David W. Bonser

The "spectacular" David Bonser is known to peers as an "extremely experienced real estate securities partner." His clients, private and public real estate companies, turn to him for corporate, securities, and partnership transactional counsel, on matters such as IPOs, offerings, and governance.

Chambers USA 2018

David Bonser heads the firm's Equity and U.S. Debt Capital Markets Practice Group and co-heads the firm’s Corporate Practice Group in the Americas. He has advised public and private companies on corporate, securities, and partnership transactions for more than 30 years. He has advised issuers and underwriters in more than 100 public and private capital-raising transactions, with a particular focus on helping real estate companies raise capital.

In his public company capital markets practice, David guides companies through complex initial public offerings (IPOs), helping them raise equity and debt capital as public companies, and providing general securities law and governance advice once they are public. In his private capital markets practice, he advises clients on private placements and private equity fund formations.

David also has broad experience in public and private mergers and acquisitions (M&A) and joint ventures for real estate companies, serving as the primary counsel in numerous high-profile transactions over the past 15 years. He has represented buyers, sellers (including special committees of public company boards), partners, and financial advisors.

David has been focusing on real estate investment trust (REITs) since before they were cool; he has been at the forefront of the REIT industry since it took off in the early 1990s. He has served as counsel to issuers and underwriters for dozens of public company REITs. He is a regular speaker at industry events, and has been ranked for years in Tier 1 for REITs in both Chambers and Legal 500.

Awards and recognitions

2007-2019

REITs (Nationwide)
Chambers USA

2008-2019

Real Estate: Real Estate Investment Trusts (REITs), Leading Lawyer
Legal 500 US

2011-2019

Finance: Capital Markets: Debt Offerings/ Advice to Issuers
Legal 500 US

2012-2019

Finance: Capital Markets: Equity Offerings
Legal 500 US

2017-2019

Real Estate
Legal 500 US

2018-2019

M&A/Corporate and Commercial: M&A: Large Deals ($1bn+)
Legal 500 US

2019

M&A/Corporate and Commercial: Shareholder Activism: Advice to Boards
Legal 500 US

Education and admissions

Education

J.D., The University of Texas School of Law, with honors, 1987

B.A., Duke University, cum laude, 1984

Memberships

Member, American Bar Association

Member, National Association of Real Estate Investment Trusts

Bar admissions and qualifications

District of Columbia

Representative experience

Represented The JBG Companies in its US$10bn merger and spin-off transaction with Vornado Realty Trust to create JBG SMITH Properties.

Represented Colony NorthStar in its $US5.5bn tri-party merger transaction with NorthStar Real Estate Income Trust, Inc. and NorthStar Real Estate Income II, Inc.

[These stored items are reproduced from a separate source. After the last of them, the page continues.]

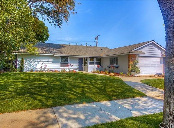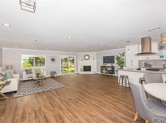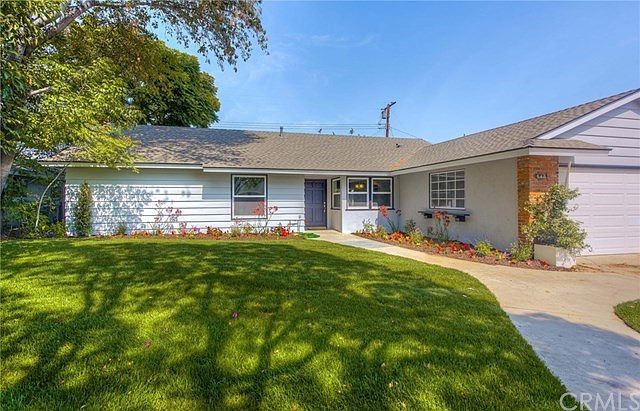 Charming home with 3 bedrooms and 2 baths that has been completely remodeled from top to bottom, walls opened to give the home an entirely open feel. Brand new roof, new laminate wood flooring throughout, ceilings scraped & painted, remodeled and redesigned kitchen and bathrooms, new inside water & sewer pipes, new landscaping plus fresh new grass sod, new windows, wood doors and mirrored closet doors and freshly painted interior and exterior. Kitchen opens into dining area and great room. The kitchen features quartz counters, custom cabinets with soft close drawers, high baseboards, recessed lights and pendant lighting, large island with breakfast bar, and all new Stainless Steel appliances with hood over gas range. Great room includes a corner fireplace, 6" baseboards, laminate wood floors, crown molding, and recessed lights. Both master and secondary bathrooms have new tubs,toilets, showers, quartz counters, custom cabinetry, new mirrors and lighting and porcelain tile floors. Excellent location on tree lined street close to shopping, freeways and schools. More photos coming!
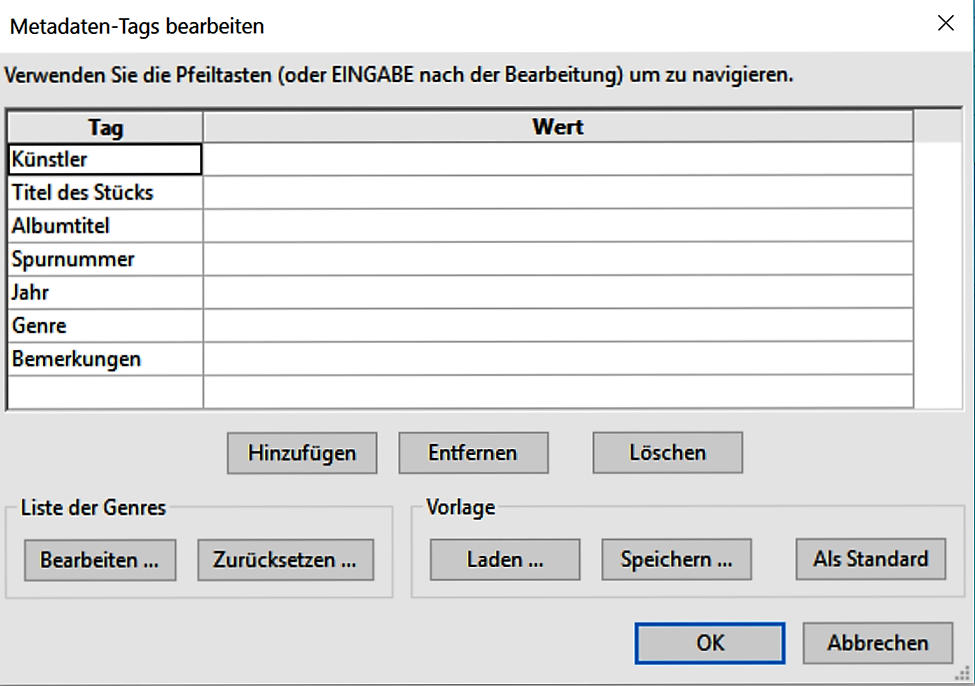 Nachdem alle Textmarken korrekt gesetzt wurden, kannst du die Tags vergeben. Über das Menü Datei/Metadaten kannst du alle wichtigen Informationen, wie z. B. Künstler, Titel des Stücks, Titel der CD, Spurnummer, Jahr, Genre, Bemerkungen, angeben.
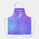 This kitchen apron has a white crescent moon with a face with fancy abstract designs in colours of blue, yellow, and purple on a celestial sky background of mixed purples and blues with dotted stars. Customise your text with the template.
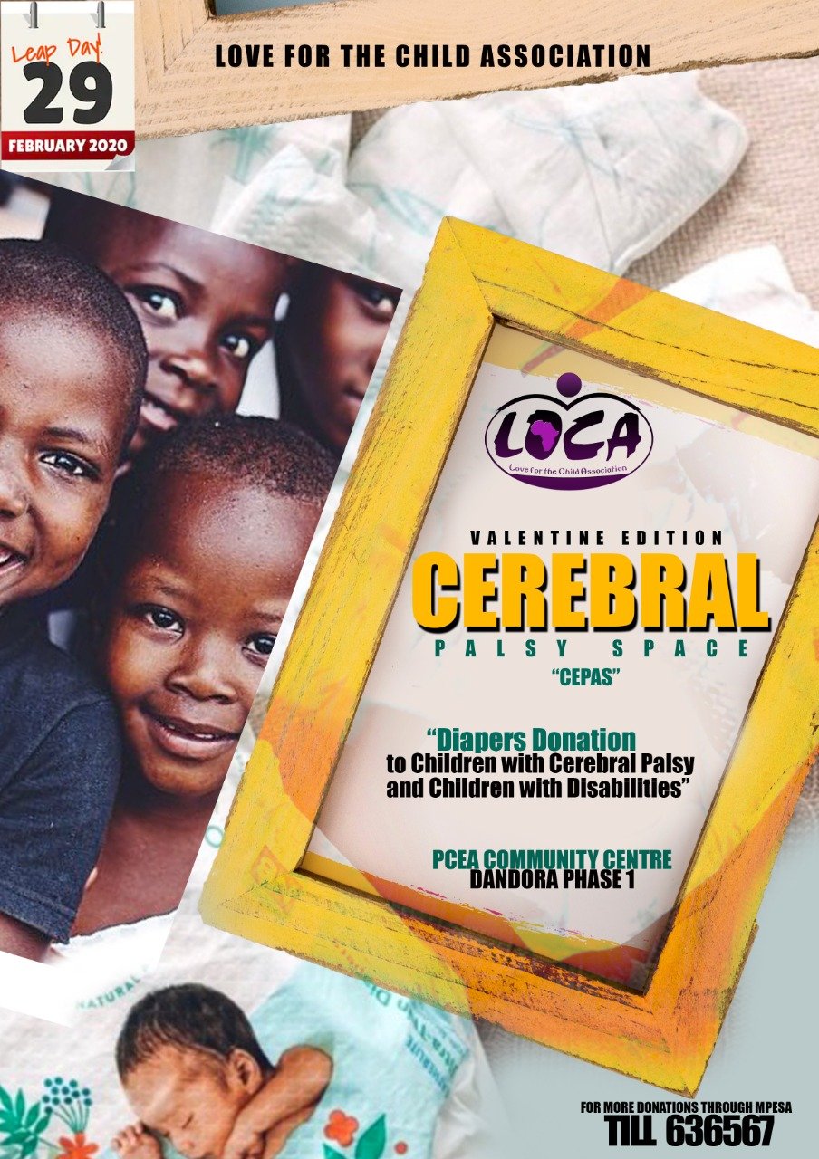 Diapers donation to children with Cerebral palsy and children living with disabilities: On 29th February, 2020, we will be at the PCEA Community Centre in Dandora Phase 1 distributing diapers...
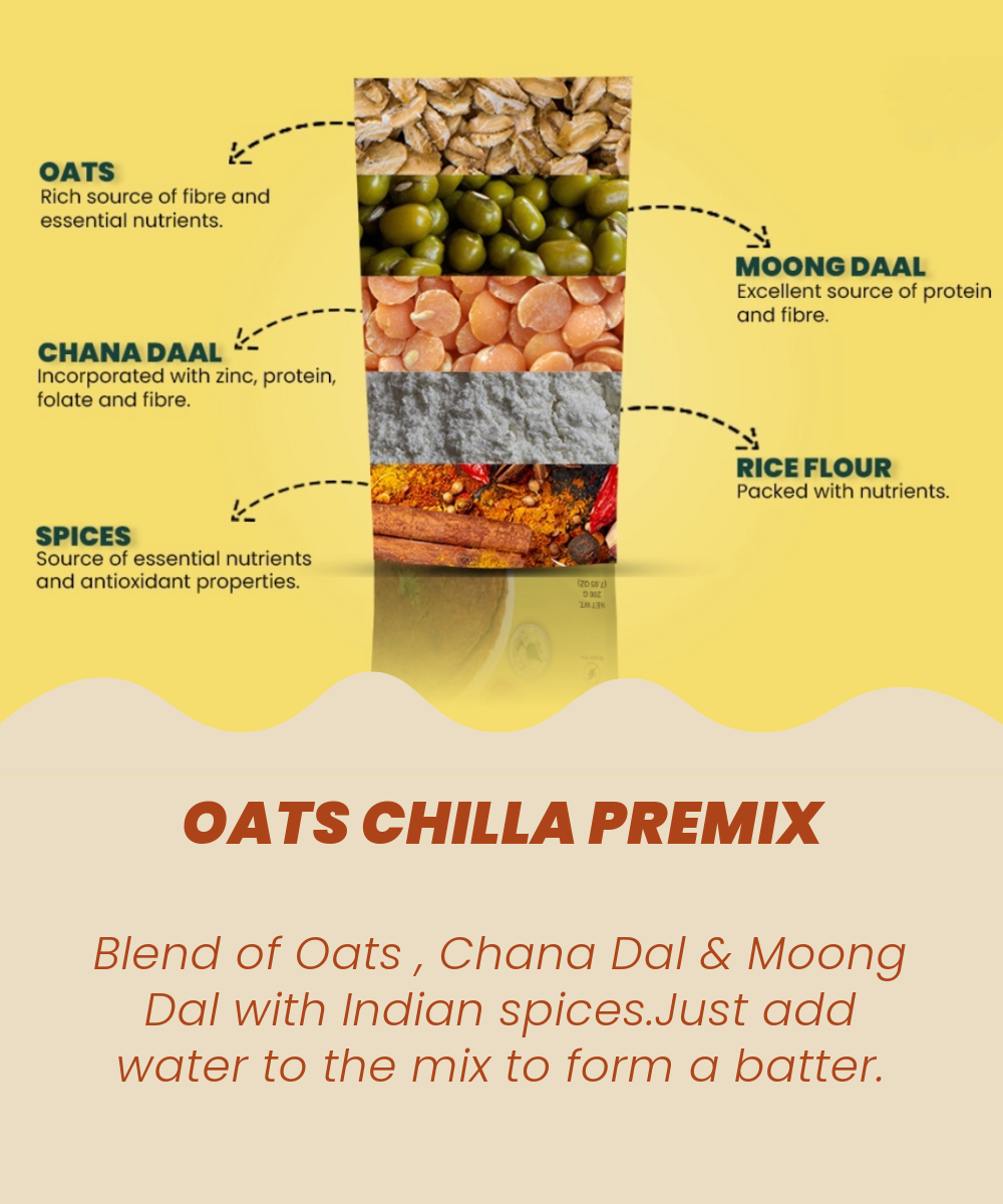 Revitalize your meals and snacks with our High Protein, Fiber-Rich Combo, featuring an enticing variety of nutritious products. Begin your day with our Oats Chilla Premix, a quick and healthy option loaded with flavor. Crunch into our Oats Peri Peri Chips, offering a savory blend of oats , urad dal and spices for a deliciously satisfying snack.Finally, enjoy the crispy Oats Namkeen, a wholesome snack that keeps your cravings in check. This combo strikes a perfect balance of nutrition and taste, ideal for any time of day!
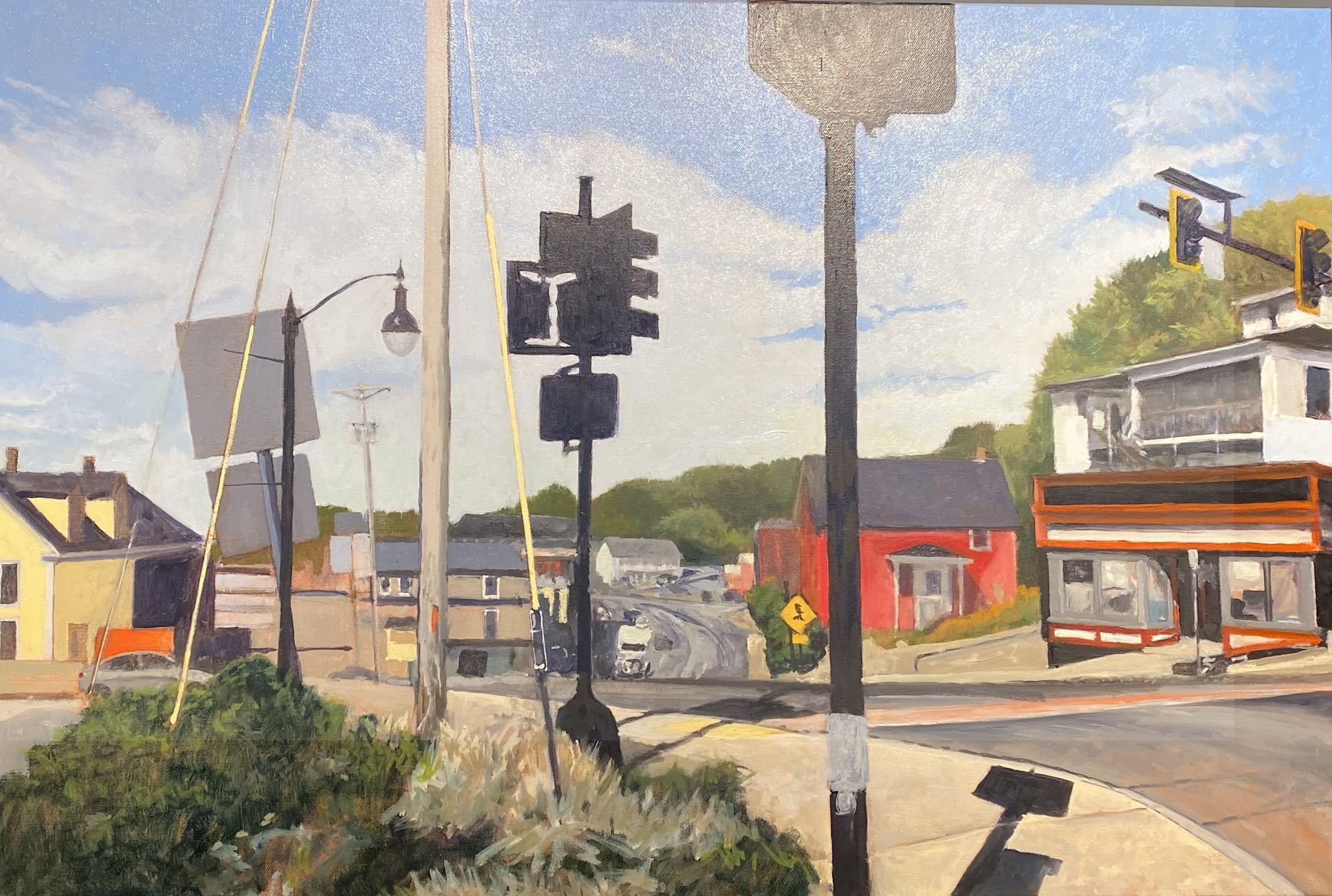 Intersection No. 2 captures a moment in a small town where modern infrastructure meets the enduring character of 20th-century architecture. The composition centers on a sunlit intersection, its array of traffic lights and street signs commanding immediate attention. These elements are not simply functional but become integral to the scene’s structure, their shadows stretching across both sidewalk and asphalt, creating a dynamic interplay of light and form.
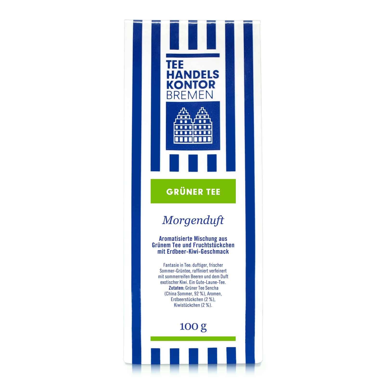 Starte frisch, leicht und gut gelaunt in den Tag: Morgenduft vereint feinen chinesischen Sencha-Grüntee mit dem fruchtigen Geschmack sonnengereifter Erdbeeren und exotischer Kiwi. Ein aromatisierter Grüntee, der wie ein Morgenspaziergang durch den Sommergarten schmeckt.
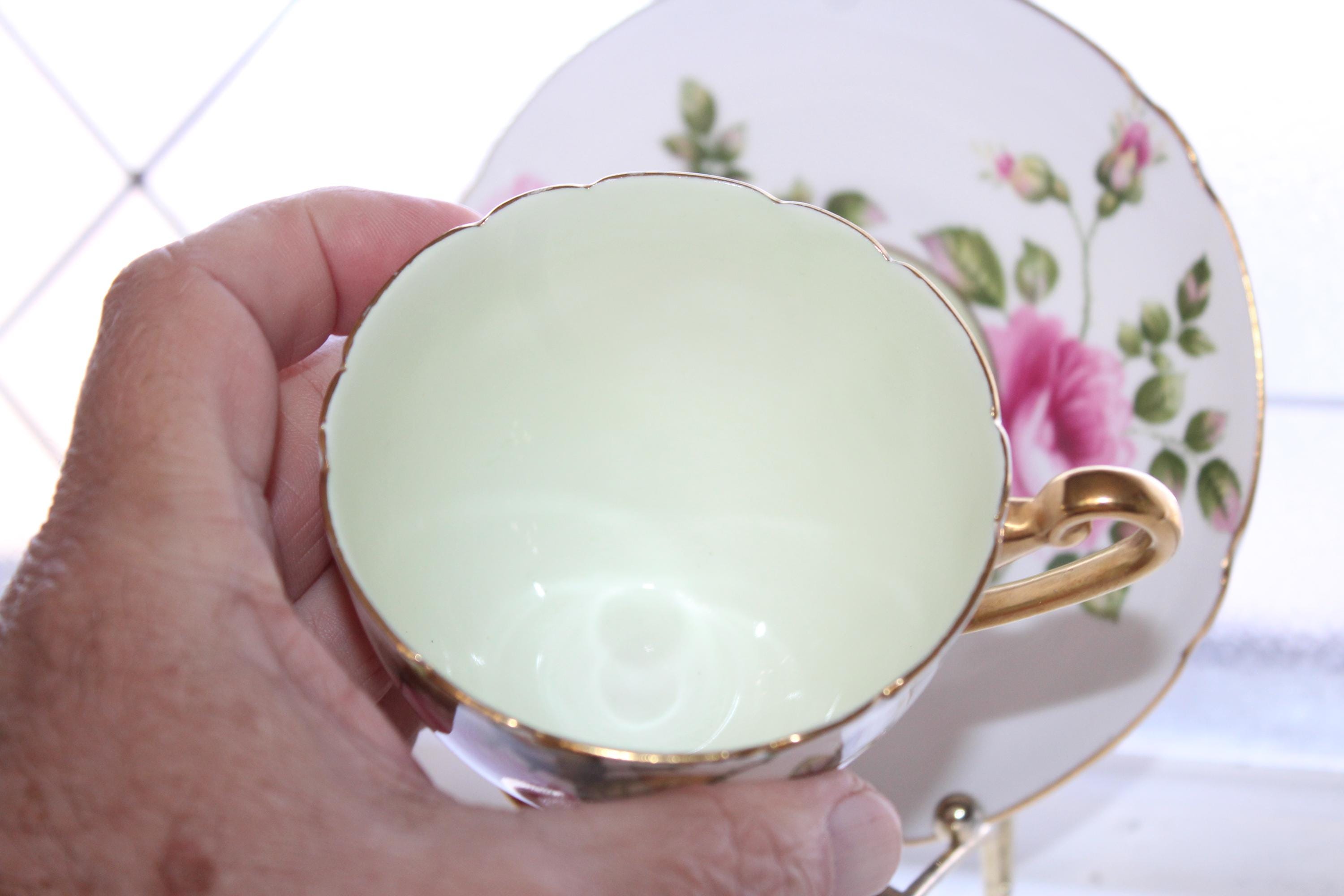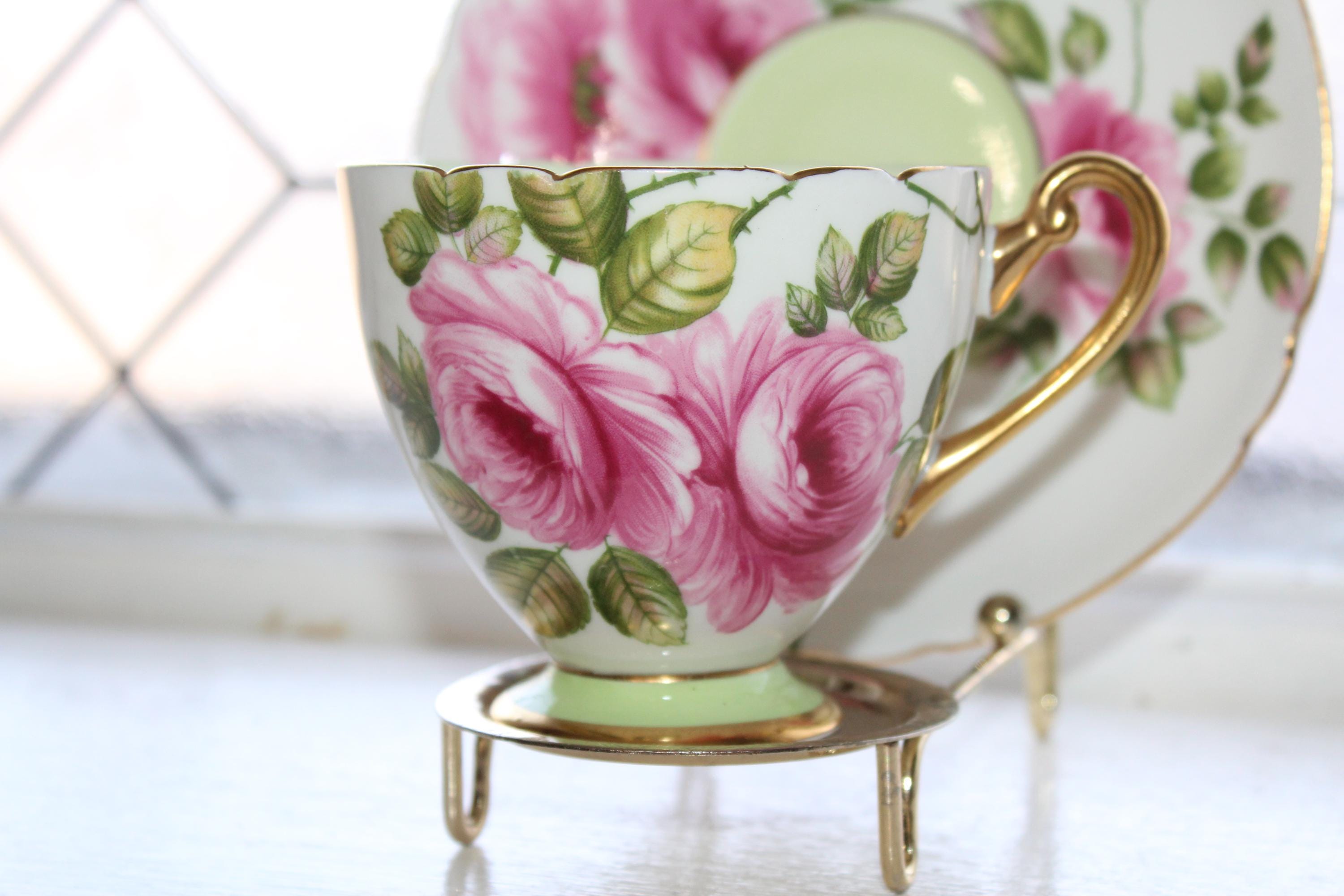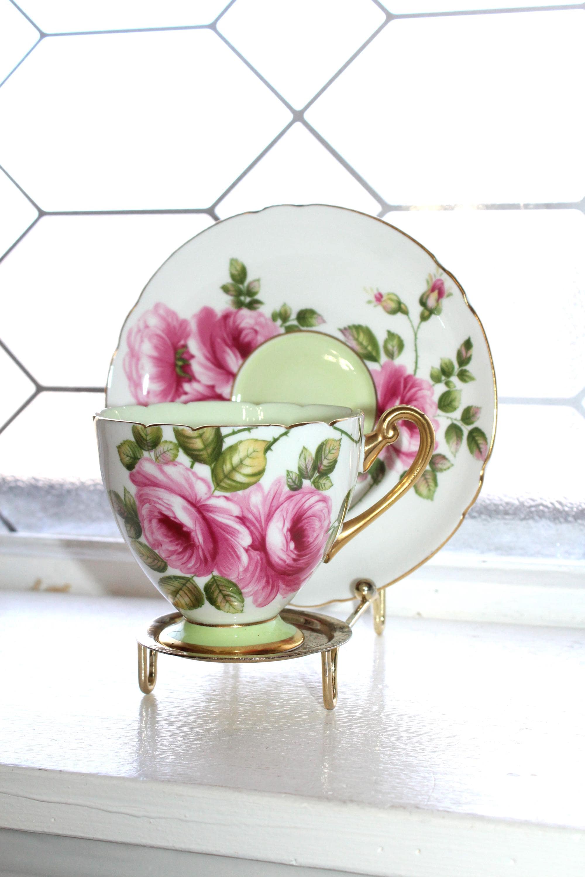 Vintage Shelley bone china teacup and saucer in the Rambler Rose pattern, in excellent condition. The cup measures 3 1/4" wide x 2 7/8" high and the saucer measures 5 5/8" wide. No chips or cracks, perfect for use or display. Enjoy!
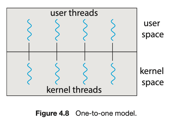 - 유저 스레드 하나 만들면 커널 스레드도 하나 생성
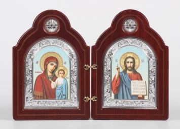 Складень резной Фигурный, икона 9х12 канвас, №2 Спаситель-Казанская БМ
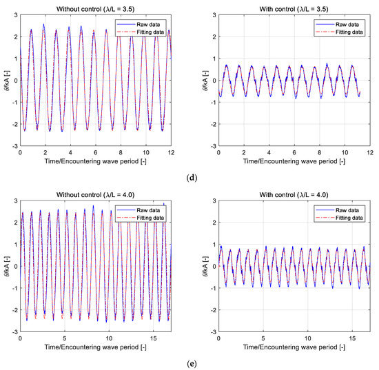 Both the case where the controller was applied and the case where the controller was not applied were performed under the conditions of wave direction 180° and 8 regular wave frequencies. Figure 13 shows the comparison results of regular wave tests without control and with control cases. The fitting data means the result of using the least square method assuming that the frequency of pitch motion is the same as the wave encountering frequency as sinusoidal fluctuation . Here, denotes the amplitude of pitch. The pitch is divided by wave steepness to express dimensionless motion angles, and the time is divided into an encountering wave period to make it dimensionless. The encountering wave frequency and period are expressed as Equations (14) and (15), respectively.
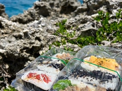 お弁当は骨付きの鶏&豚+チャロモライスで、子供たち(小学生+園児)もパクパク食べていました。
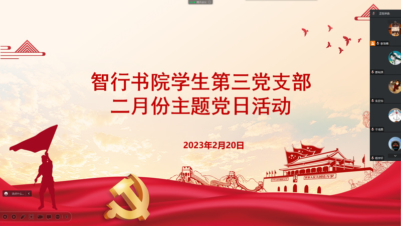 为深入学习贯彻落实党的二十大精神,2月20日,智行书院学生第三党支部开展了“‘学’当标兵、‘敢’当表率、‘干’当先锋”主题党日活动,本次活动由党支部书记成敬斋主持,学生第三党支部全部党员参加。
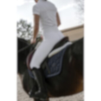 Leggings equestri con cintura incrociata. - Elasticità e comfort: Tessuto leggero e traspirante. - Design originale: Ampia cintura incrociata denominata "Tulipano." DETTAGLI: - Seduta in silicone. - Tasche per cellulare su entrambi i lati. - Decorazione "Je t'aime" con strass sul lato del leggings. COMPOSIZIONE: Tessuto principale: 78% poliestere, 22% elastan. Cintura: 75% poliammide, 25% elastan.
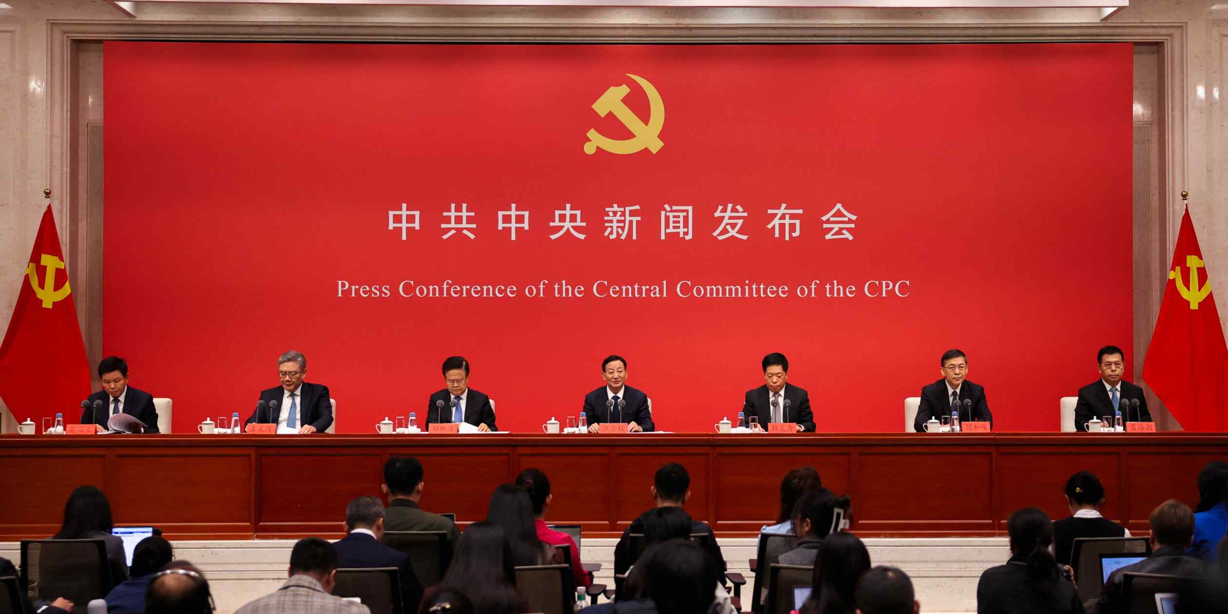 Chinese officials report on the outcome of the fourth plenum of the Chinese Communist Party Central Committee in Beijing on Oct. 24. © Reuters

Represented The Special Committee of the Board of Directors of Phillips Edison Grocery Center REIT II, Inc. in its $US8.6bn merger transaction with Phillips Edison & Company, Inc.

Represented Bell Partners Inc. in the formation of three real estate investment funds raising more than US$1.2bn.

Represented Bank of America Merrill Lynch, Morgan Stanley, and other underwriters as underwriters' counsel in the US$250m IPO by Hudson Pacific Properties.

Represented QTS Realty Trust in its US$300m IPO and multiple subsequent follow-on common stock, preferred stock, and debt offerings.

Represented RLJ Lodging Trust in its merger transaction with FelCor Lodging Trust, creating one of the largest lodging REITs with a combined enterprise value of US$7bn.

Represented Industrial Income Trust in its US$6.4bn sale to Global Logistic Properties.

Represented Kite Realty Group Trust in its US$2.1bn acquisition of Inland Diversified Real Estate Trust.

Represented RLJ Lodging Trust in its US$570m IPO and multiple subsequent follow-on common stock offerings.

Represented JP Morgan, Citigroup, and other underwriters as underwriters' counsel in the US$300m IPO by Retail Properties of America.